Monsieur Macron seems to have blessed us with a visitation of the Bayeux Tapestry, which must be classed as the world’s first (and longest) comic strip. I have seen it going round the walls of the Musée de la Tapisserie, in Bayeux. It is stunning. And it is truly stunning that, after the roughing up the UK has gotten over its EU withdrawal, post-referendum, we are being lent this truly great objet d’art.
On Radio 4’s Today programme, it was suggested that we might want to loan the Rosetta Stone in return, dug up in Egypt by a French Army officer, Pierre-François Bouchard at the end of the 18th century, and captured by Britain soon after in the wars against Napoleon.
I loved seeing the Bayeux Tapestry on all the occasions I hitched, cycled, trained or drove to Normandy
It’s funny how having guns and armies allows you to pick things up in one vicinity of the Earth, really Egyptian through and through, and for them to become something we now associate with our national treasure.

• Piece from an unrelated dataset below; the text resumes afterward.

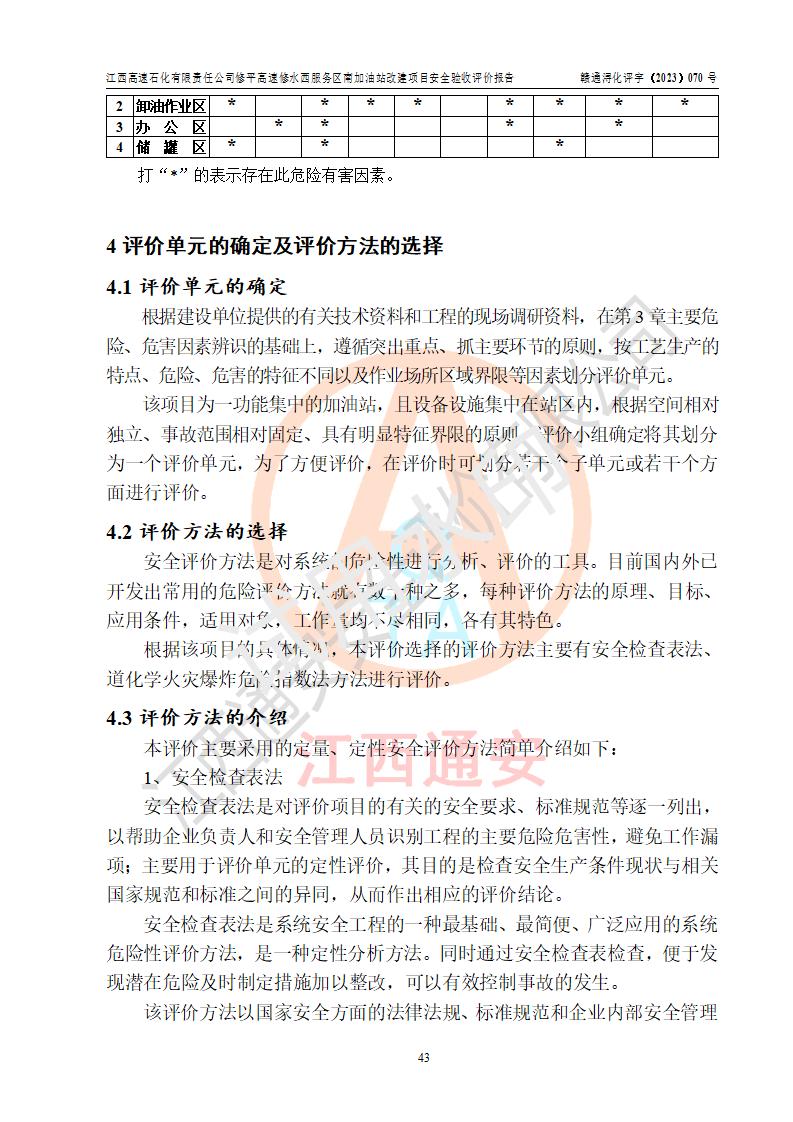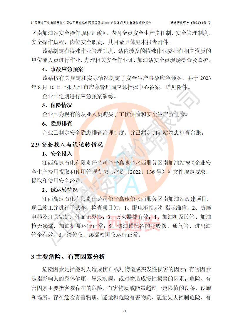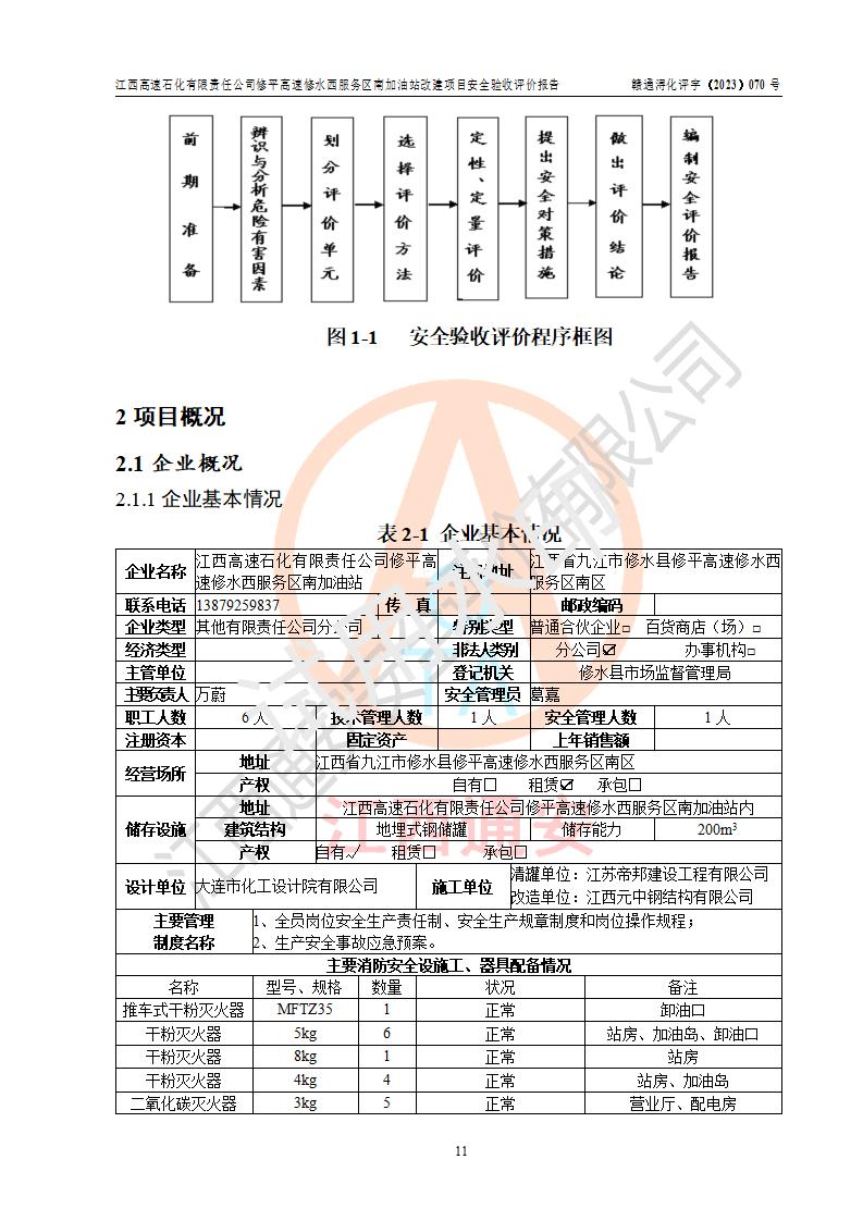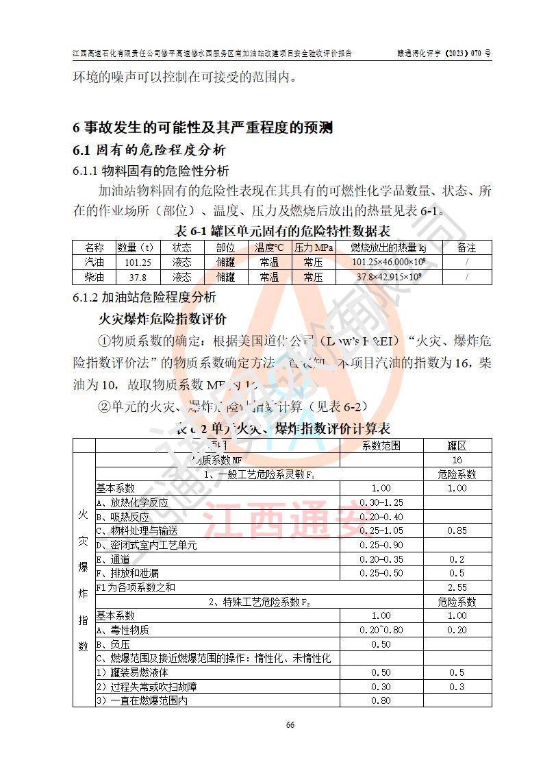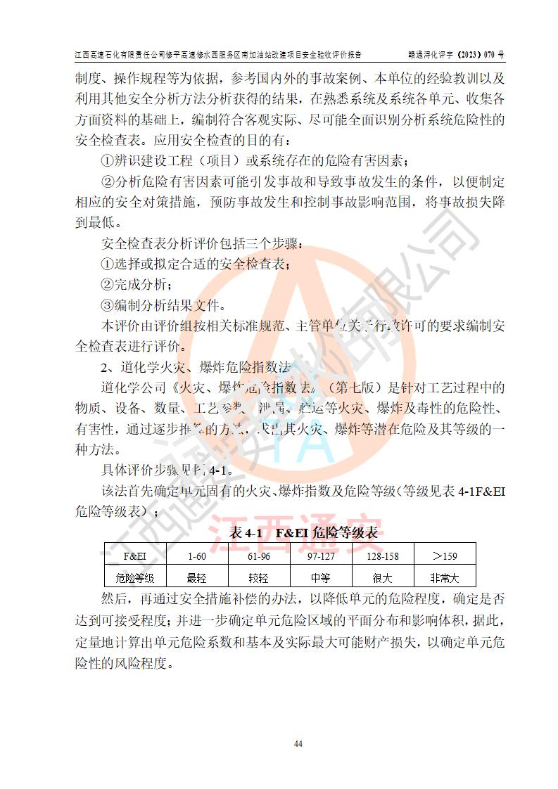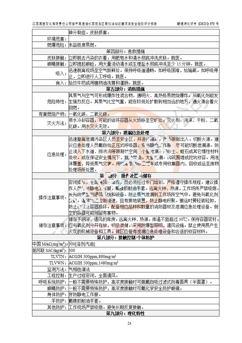 評價結(jié)論 | 江西高速石化有限責任公司修平高速修水西服務(wù)區(qū)南加油站涉及的安全條件、安全經(jīng)營條件、安全生產(chǎn)管理符合《危險化學(xué)品經(jīng)營許可證管理辦法》、《汽車加油加氣加氫站技術(shù)標準》等**有關(guān)法規(guī)、標準、規(guī)范要求,能滿足危險化學(xué)品經(jīng)營安全條件。 | |||

Napoleon’s greatest piece of thievery – but then again, he did have the legitimacy of ‘might’ on his side – was probably the nicking of da Vinci’s Mona Lisa from what later became the country of Italy. The Louvre is full of stolen goods, although, like most European nations, their museums would be empty without plunder. Our own plundering, via bargain deals made with occupiers, is much in evidence at our own museums, so we don’t get away with the higher moral ground argument here either.
I loved seeing the Bayeux Tapestry on all the occasions I hitched, cycled, trained or drove to Normandy. It is the genuine article: no one can say they stole it from a weaker party.
The fact that it celebrates the stealing of a whole country, viz the Norman Conquest, the thousand-year anniversary coming up fast in 2066, has been well and truly absorbed into our national consciousness (although I’m sure there are those that still can’t put it behind them).